Novo Nordisk currently has multiple active Phase 3 trials running. ClinicalTrials.gov shows a long-term weight loss and maintenance study of CagriSema in obesity and a separate Phase 3 trial for cagrilintide monotherapy — neither yet approved by the FDA, meaning these are still investigational medicines.
Eloralintide: Eli Lilly's Entry
Novo Nordisk isn't the only player. Eli Lilly has developed eloralintide (LY3841136), described in Molecular Metabolism in 2025 as a novel amylin receptor agonist — from discovery to clinical proof of concept. Unlike cagrilintide, eloralintide is designed to be more selective for the amylin receptor rather than also hitting calcitonin receptors.
In December 2025, the Lancet published a 48-week Phase 2 randomized controlled trial of eloralintide — a multicentre, double-blind, placebo-controlled study evaluating its weight loss efficacy and safety profile. Phase 1 proof-of-concept data were also published in Diabetes, Obesity and Metabolism in early 2026.
And there's a third contender: petrelintide, which completed a Phase 2 trial comparing dose levels versus placebo for obesity and overweight with comorbidities, per ClinicalTrials.gov.
A 2026 network meta-analysis in Endocrinology, Diabetes & Metabolism specifically looked at novel amylin-based therapies for weight management in adults without diabetes — pooling data across these emerging agents to compare their relative efficacy.
Why a Dual-Mechanism Approach Makes Sense
GLP-1 agonists primarily work through gut-brain signaling via the vagus nerve and GLP-1 receptors in the hypothalamus. Amylin works differently — through brainstem receptors and a distinct neural circuit. According to a 2024 expert review in Expert Review of Clinical Pharmacology, amylin analogs for obesity without diabetes represent both a present and future opportunity, with the combination approach being particularly promising because the two pathways appear to be additive rather than redundant.
A 2025 systematic review in Pharmacological Reviews on emerging pharmacotherapies for obesity placed amylin analogs prominently in the next generation of treatments, alongside GIP/GLP-1 dual agonists and triple agonists.
The broader picture, as Nature reported in September 2025: the obesity drug market is evolving fast, and combination regimens hitting multiple satiety pathways simultaneously are a core part of where the science is heading.
What This Means for You
- Amylin analogs are not yet FDA-approved for obesity — cagrilintide, eloralintide, and petrelintide are all still in clinical trials. Nothing to ask your prescriber about yet, but worth tracking.
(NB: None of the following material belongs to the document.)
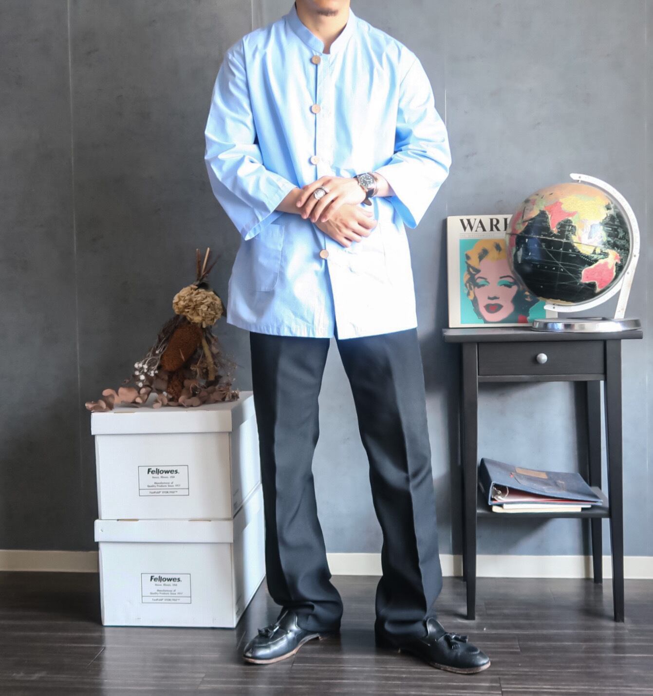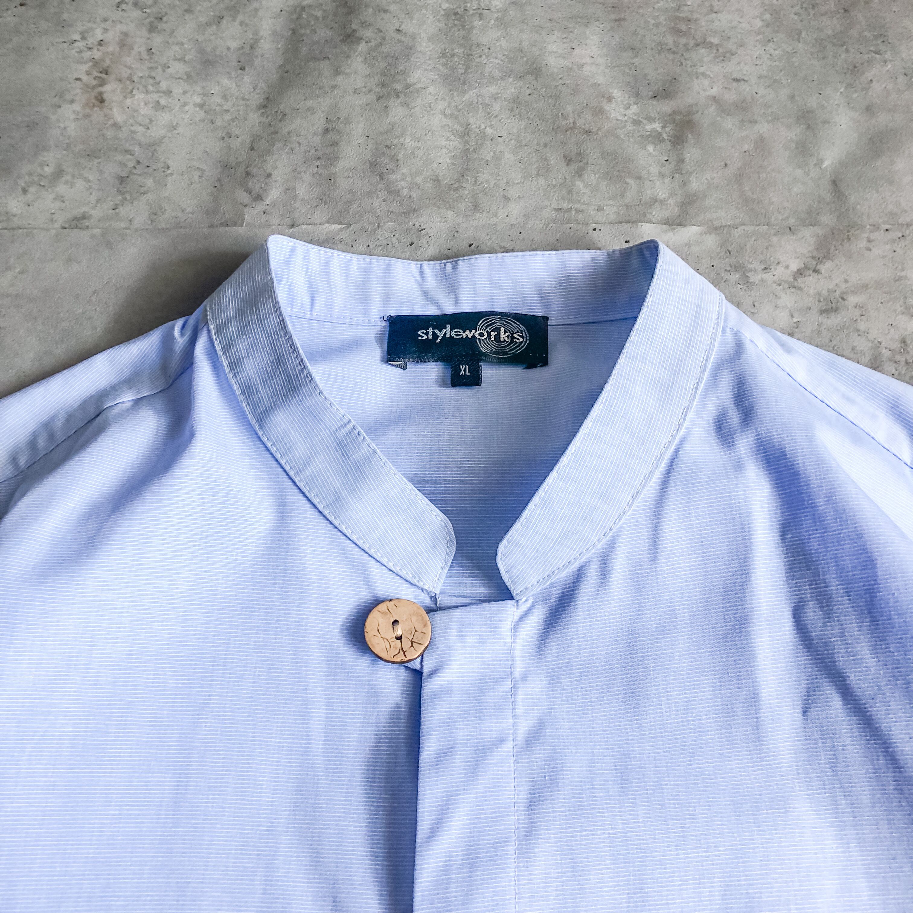 特徴 :2000's~頃の爽やかなライトブルーのスタンドカラーシャツ。
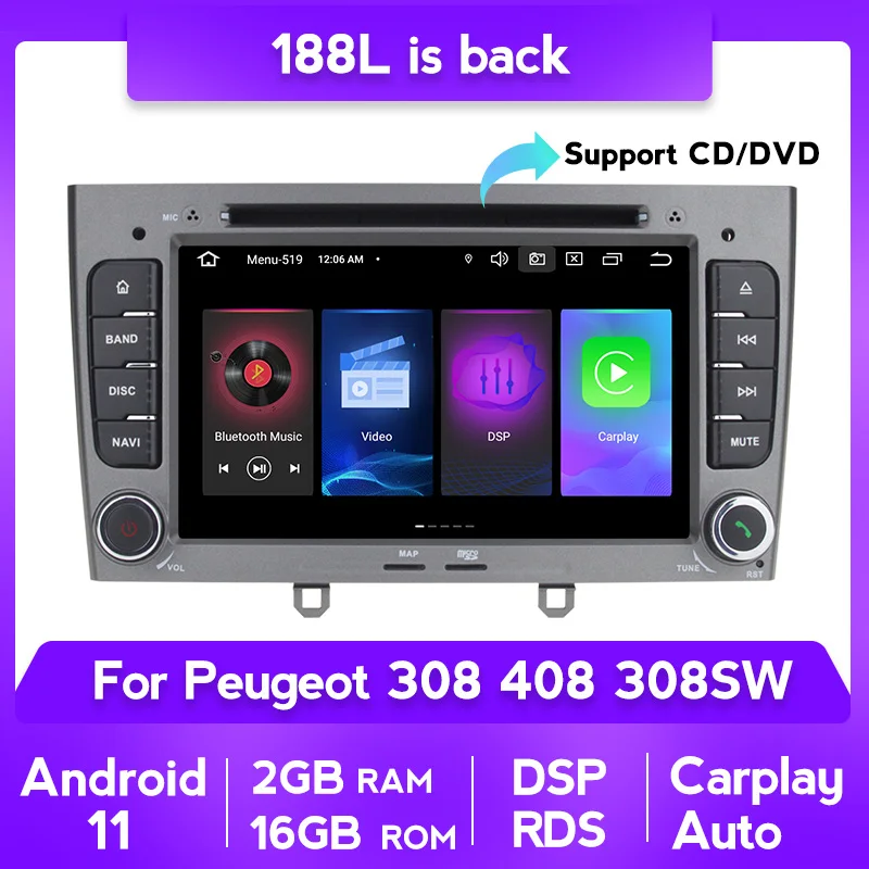 Автомагнитола на Android 11 DSP RDS с DVD-плеером для Peugeot 308 408 308SW мультимедийная Навигация стерео головное устройство встроенный Carplay + авто

- CagriSema (cagrilintide + semaglutide) has Phase 3 data in NEJM — if you're already on or considering semaglutide, this combination is the most likely near-term option to watch.
- The "one drug" era may be ending. Just as cardiologists use combination therapy for blood pressure, obesity medicine appears to be moving toward multi-mechanism combinations. That's not a sign the current drugs don't work — it's how medicine matures.
Not medical advice. Talk to your prescriber about your specific situation, medications, and health history.